On Dec 12 12:07, Mathieu Arnold wrote:
+--On 12 décembre 2014 05:00:00 -0600 Scot Hetzel <swhet...@gmail.com>
wrote:
| On Fri, Dec 12, 2014 at 4:15 AM, Darren Pilgrim
| <list_free...@bluerosetech.com> wrote
|> On 12/11/2014 11:53 PM, Matt Smith wrote:
|>>
|>> Somebody has let me know that I made an obvious mistake in the above. I
|>> meant that the default rcorder is to run Unbound first followed by NSD.
|>> So to clarify I think in the default situation Unbound starts first,
|>> contacts NSD and gets no answer because it hasn't been started yet and
|>> then fails in some way.  Whereas if NSD is running first then Unbound is
|>> happy.
|>
|>
|> Unbound requires SERVERS, but nsd requires LOGIN, a much later
|> checkpoint.
|>
|> The fix would be adding an rcorder override mechanism whereby one could
|> specify additional constraints (like unbound REQUIRE nsd).  If there's
|> interest for this, I can see about a patch.
|>
| Would it be better to add:
|
|# BEFORE: unbound
|
| to the dns/nsd rc.d script?

Well, the thing is, a resolver is required way before an authoritative
server is.


Yes. I've been thinking that maybe it's actually in the correct order really after all. I've worked around my particular problem by changing the order, but that might not be the case for everyone else.

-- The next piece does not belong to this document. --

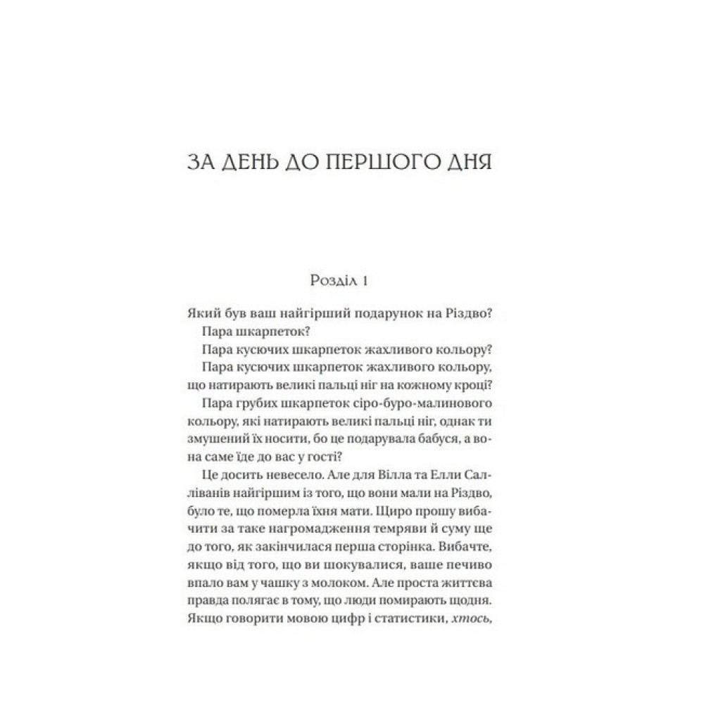 | Автор | Тед Сафран, Джеймс Паттерсон Рік 2023 Мова Українська Жанр Сучасна проза, Роман270 ?2 людини Все про “Дванадцять шалених днів Різдва” Від видавця Ні чобітка для подарунків, ні самих подарунків, ні гірлянди, ні ялинки — невже скасували Різдво? Надворі середина грудня, і вже п’ятий рік поспіль у домі родини Салліванів у Гарлемі немає жодної ознаки наближення новорічних свят. Але цього року хтось таємничий надсилає подарунки вдівцю Генрі Саллівану та його двом дітям, Віллу та Еллі. Спочатку з-поміж гілок груші висовує голову маленьке дзьобисте та пір’ясте створіння. Не встигли вони оговтатися, як будинок Салліванів швидко наповнився галасливими тваринами та гостями, які вимагали їхньої уваги. Наступні дванадцять днів перевертають життя сім’ї Салліванів із ніг на голову так, як годі було й уявити. І хоча це Різдво буде безладним, що, як саме такого подарунку вони всі потребують? Рецензії 0 Всі характеристики ВидавництвоVivat |

I'm thinking now why actually do I have DNSSEC validation on my local intranet domain and reverse DNS anyway? I run two instances of NSD, one for the LAN which Unbound talks to, and one for the internet which everyone else talks to. It could be argued that I only need to DNSSEC sign the internet copies of the zones and not the LAN ones in which case this problem won't exist. Maybe I should just go down that route instead.